(Given information Opens)

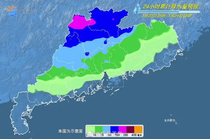 預(yù)計,3月23日08時至24日08時,貴州東南部、湖南南部、江西中南部、浙江南部、福建西部和北部、廣西東北部、廣東北部等地的部分地區(qū)有大到暴雨,其中,福建西北部、廣東西北部等地局地有大暴雨(100~130毫米)。上述部分地區(qū)伴有短時強降水(最大小時降雨量20~50毫米,局地可超過60毫米),局地有雷暴大風(fēng)或冰雹等強對流天氣。
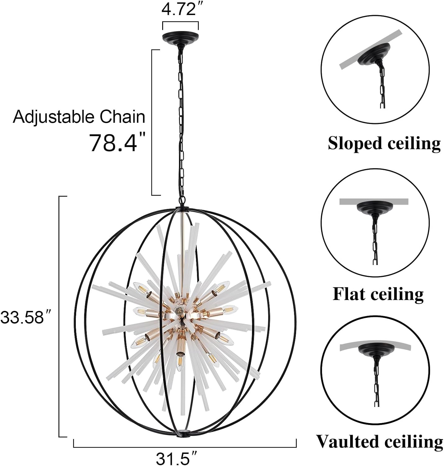 - 【Stylish Creative Design】The Black and Gold Sputnik Chandelier boasts a striking spherical body with Frosted Glass Tube design.It is not just a light for lighting, but also an art for decorating, looks like fireworks. Discover a world of exquisite illumination with our modern chandeliers, where contemporary meets vintage in perfect harmony.
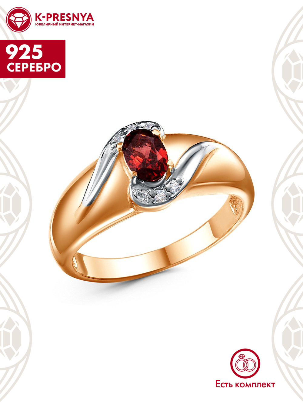 Кольцо серебро 925 пробы, покрытие - золочение, выборочное родирование
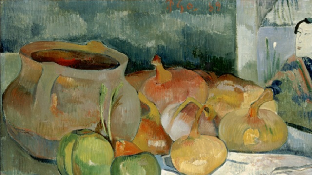 [Image:Paul Gauguin (French, 1848–1903), Still Life with Onions, Beetroots and a Japanese Print, 1889. oil on canvas. 16 x 20.5 in. Collection of Judy and Michael Steinhardt, New York, New York.]

(Given information Closes)

I would like you to set down the lines above, from the one containing "- 【Stylish Creative" to the final line, exactly as written and without pictures.

 - 【Stylish Creative Design】The Black and Gold Sputnik Chandelier boasts a striking spherical body with Frosted Glass Tube design.It is not just a light for lighting, but also an art for decorating, looks like fireworks. Discover a world of exquisite illumination with our modern chandeliers, where contemporary meets vintage in perfect harmony.
 Кольцо серебро 925 пробы, покрытие - золочение, выборочное родирование
 [Image:Paul Gauguin (French, 1848–1903), Still Life with Onions, Beetroots and a Japanese Print, 1889. oil on canvas. 16 x 20.5 in. Collection of Judy and Michael Steinhardt, New York, New York.]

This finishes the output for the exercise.